States have spent recent months designing processes to meet these requirements. In Michigan, the state’s Oil, Gas, and Minerals Division is hiring an archaeological firm to help assess whether cleanups will disturb cultural sites. In North Dakota, which has wetlands that migratory fowl depend on, the state is putting together a plan to ensure that reclamation work doesn’t affect the whooping crane and other endangered species.
“There’s a lot of unknowns due to the fact that we haven’t done it yet,” said David Tabor, a field supervisor with North Dakota’s Department of Mineral Resources. Tabor said that scheduling reclamation work was proving to be particularly “challenging” because of the state’s harsh winters and the fact that migratory fowl move through the state in the spring.
“We only have three to four months when we can actually do reclamation work,” he said.
Most state oil and gas departments have not had to navigate federal historic preservation and endangered species laws previously. Unlike state transportation departments, which oversee the construction of major roadways, environmental and minerals divisions regulate the oil and gas industry but have not managed the kind of major construction projects that typically require federal environmental clearance.

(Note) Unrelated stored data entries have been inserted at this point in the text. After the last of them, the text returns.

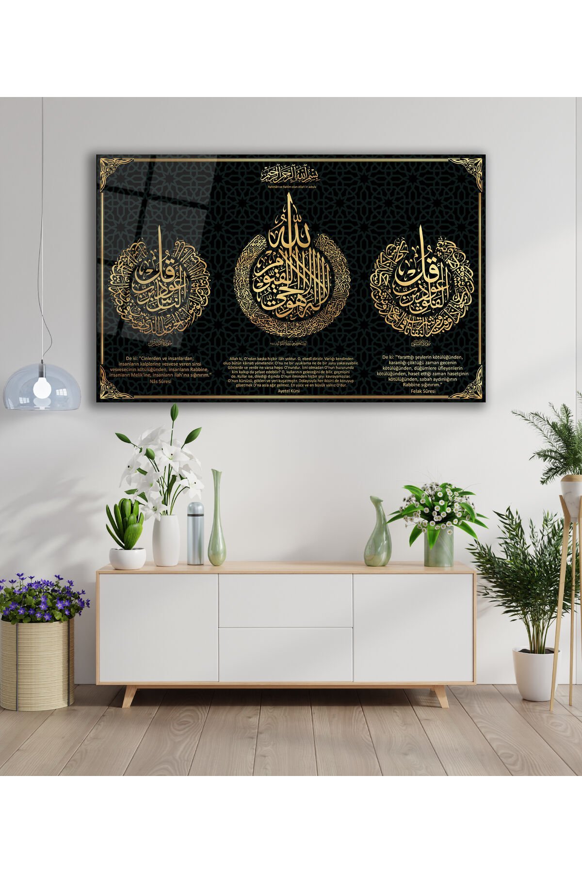 Ayetel Kürsi Felak Nas Cam Tablo,Dini İslami Modern Ev Ofis Salon Duvar Dekoru,Hediyelik Tablo Dekor
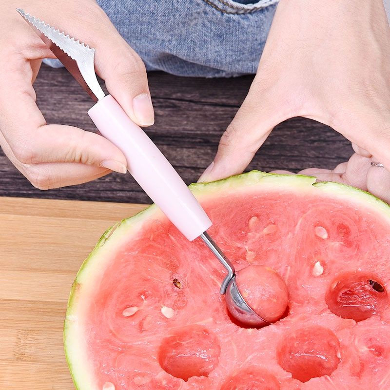 - Muỗng hai đầu được thiết kế gồm 2 đầu, một đầu dùng để múc các loại quả mềm như dưa hấu, đu đủ, thanh long… một đầu để tỉa rau củ, hoa quả, cho bạn gái thể hiện sự khéo léo và cắt tỉa nhiều dĩa hoa quả bắt mắt cho cả gia đình.- Đầu tạo hình tam giác: dùng để tạo ra các đường nét sâu có hình tam giác thường được dùng để tỉa rau củ và hoa quả
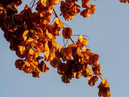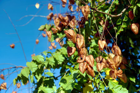 Close up of dried Staphylea, called bladdernuts on a tree in autumn, selective focus
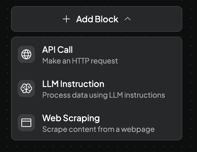 To add functionality to your flow, you'll need to add blocks. Click the "Add Block" button between any existing blocks to see available options:

“There are going to be some lessons learned,” said Dylan Fuge, Deputy Secretary of New Mexico’s Energy, Minerals and Natural Resources Department. “We had some growing pains.”
Giovanni Rocco, a spokesperson for the Interior Department, said that it’s because of requirements written into the Bipartisan Infrastructure Law that activities “with the potential to affect historic properties” are subject to review under the National Historic Preservation Act. Similarly, a section of the Endangered Species Act requires that orphan well cleanups do not jeopardize endangered species or have an adverse effect on critical habitats.
Even as states navigate the requirements of the formula grants, they’re beginning to look ahead to the performance grants. Congress set aside $1.5 billion for two types of performance grants: matching grants and regulatory improvements grants. The former is intended to incentivize state legislatures to find additional funds for cleanup, and the latter is contingent on states improving their orphan well policies to prevent wells from becoming abandoned in the first place. Late last year, the Interior Department accepted public comments on how it should assess whether states will qualify for regulatory improvement grants. The law notes that states need to demonstrate that they either strengthened well-plugging standards or else introduced policy reforms that would reduce the number of wells that are likely to be orphaned in the future. But since the law doesn’t explicitly lay out how states should demonstrate compliance with those provisions, the Interior Department requested comments on how it should assess the effectiveness of the regulatory programs.
Across the board, states asked for flexibility. The Interstate Oil and Gas Compact Commission, or IOGCC, a quasi-governmental body created by Congress that represents oil- and gas-producing states, noted that the types of improvements that will best serve a state will vary depending on the geology, climate, and nature of oil and gas operations. Every state also has a different regulatory program, which makes a one-size-fits-all approach difficult to implement, according to the commenters.
“Nothing gives [the Interior Department] authority to dictate what improvements a state must make to qualify for a regulatory improvement grant,” the executive director of the IOGCC wrote in the public comments.